Na Barrosa geralmente cai tb alguma coisa sempre que as temperaturas se justificam. Uma vez lá em cima no radar da antena passei de carro aquando de uma forte descida de temperatura e apanhei um bom saraivão que nas localidades mais baixas foi líquida 

Ficas com a Barrosa que eu fico com o Pico da Vara e restante Tronqueira


----------



## MiguelMinhoto (24 Fev 2010 às 16:20)

S.Miguel-Azores disse:


> Claro que sim
> 
> Quando cai granizo por aqui fico sempre atento e por experiência sei que cai alguma coisa lá em cima ainda que pequena, mas ela cai!  ... pena é por vezes as malditas nuvens não deixarem ver nada.
> 
> ...



certissimo


----------



## belem (24 Fev 2010 às 18:07)

S.Miguel-Azores disse:


> Claro que sim
> 
> Quando cai granizo por aqui fico sempre atento e por experiência sei que cai alguma coisa lá em cima ainda que pequena, mas ela cai!  ... pena é por vezes as malditas nuvens não deixarem ver nada.
> 
> ...




Se vires algum priôlo, diz qualquer coisa !


----------



## actioman (24 Fev 2010 às 19:53)

Não sei se serão cotas tão baixa, infelizmente o grande Atlântico está ai a fazer-se notar, mas espero sinceramente que haja surpresas e que os membros açorianos nos brindem com muitos relatos e registos! Eu irei seguir o episódio o mais atento possível! 

Venha a NEVE!!!!

PS- Não se esqueçam de tirar umas fotos!


----------



## S.Miguel-Azores (24 Fev 2010 às 22:04)

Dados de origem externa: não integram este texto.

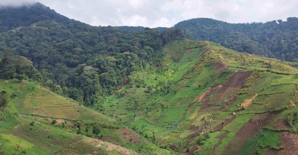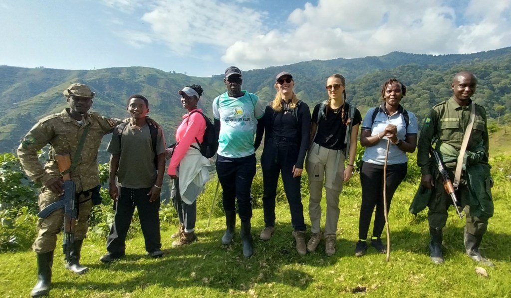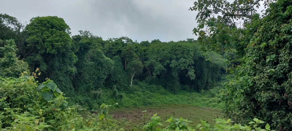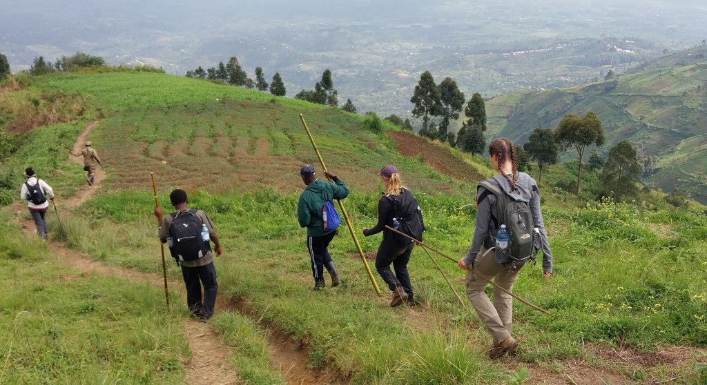Starting the hike through the community area to thick forest and savanna areas and completing in a different direction in another community area. Along the way, we met several people, women going to collect firewood from the forest, other people crossing to or from Bwamba in Bundibugyo district, and poachers running away from our site.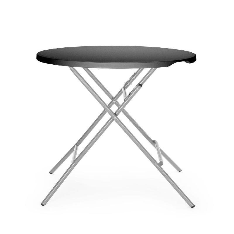Mange debout pliant - Table haute 110 cm, 80 cm de diamètre - Ce mange debout pliable blanc de 80 cm de diamètre a un plateau en polyéthylène haute densité. Cette matière très résistante permet d'utiliser votre table haute en intérieur comme en extérieur. Grâce à sa structure en acier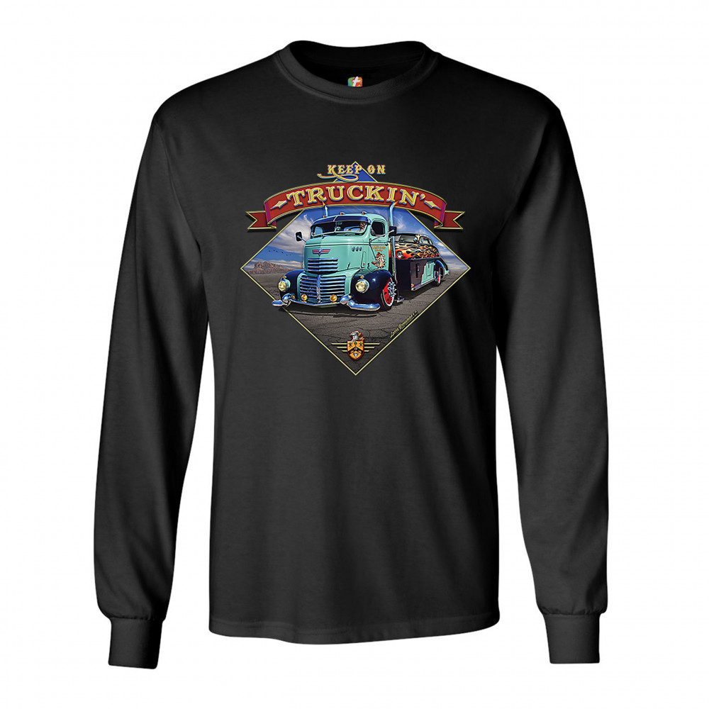 KEEP ON TRUCKIN' long sleeve t-shirt route 66 retro vintage truck driver black

É verdade. Até sábado teremos granizo e trovoada.

Belém não sei se será assim tão fácil visualizar o Priôlo, até porque geralmente quando há mau tempo as aves escondem-se em buracos de troncos de árvores  

Vamos lá ver nessa guerra entre frio e amenidade atlântica quem leva a melhor


----------



## Hazores (24 Fev 2010 às 22:19)

aposto no atlantico, infelizmente


----------



## MiguelMinhoto (24 Fev 2010 às 22:43)

Amigos! Vamos manter a esperança, as cotas ainda estão bem baixas para sábado. Tudo será possivel, nem que seja água-neve no topo das montanhas.


----------



## belem (24 Fev 2010 às 23:16)

S.Miguel-Azores disse:


> É verdade. Até sábado teremos granizo e trovoada.
> 
> Belém não sei se será assim tão fácil visualizar o Priôlo, até porque geralmente quando há mau tempo as aves escondem-se em buracos de troncos de árvores
> 
> Vamos lá ver nessa guerra entre frio e amenidade atlântica quem leva a melhor




Não sei onde os priôlos se escondem quando faz mau tempo ( é possível que os troncos ocos por vezes sirvam de abrigo), porque isso varia muito de ave para ave, mas se vires algum, já seria muito bom!
Para não fugir tanto à questão do tópico, apenas acho que só no momento iremos ter a resposta ( mas sem dúvida é uma situação interessante).


----------



## S.Miguel-Azores (24 Fev 2010 às 23:36)

belem disse:


> Não sei onde os priôlos se escondem quando faz mau tempo ( é possível que os troncos ocos por vezes sirvam de abrigo), porque isso varia muito de ave para ave, mas se vires algum, já seria muito bom!
> Para não fugir tanto à questão do tópico, apenas acho que só no momento iremos ter a resposta ( mas sem dúvida é uma situação interessante).



Amigo existem nesse momento à volta de 700 e poucos casais de priôlos a viverem no seu estado selvagem que está confinado apenas à vegetação endémica em redor do Pico da Vara.

Além desses a viverem no meio natural existem também no parque zoológico da Vila do Nordeste casais de priôlos a viverem em cativeiro para se reproduzirem e serem depois largados como os outros ao seu habitat natural.

De verão que é a altura mais amena para caminhadas e passeios pedestres até ao Pico da Vara, é que é possível ver essas aves conhecidas pelo seu chilrear típico a esvoaçarem pela floresta, porque de inverno além do tempo não permitir e ser perigoso devido à eventual ocorrência de mau tempo ou até deslizamentos de terra, não se vê muito essa ave, porque regra geral elas estão abrigadas em troncos ocos de árvores ou em buracos de desfiladeiros das montanhas, e tb porque eu não me atreveria a escalar o Pico da Vara nessa altura. Aliás de verão existem vários circuitos de Bird-Whatching até à zona da floresta endémica do Pico da Vara, mas agora nessa altura ninguém se atreve a subir até ao Pico da Vara. Não existem ruas até lá cima. Só estreitos caminhos de terra por onde só passam pessoas e eventualmente burros, cabras e ovelhas dos camponeses. Os carros ficam estacionados na Freguesia da Algarvia e depois é auto-patas a escalar a montanha 

Nesta altura, pra já os caminhos pedestres estão fechados pela altura de Inverno, além do facto que alguns até estão intransitáveis devido a derrocadas das fortes chuvas que têm caído.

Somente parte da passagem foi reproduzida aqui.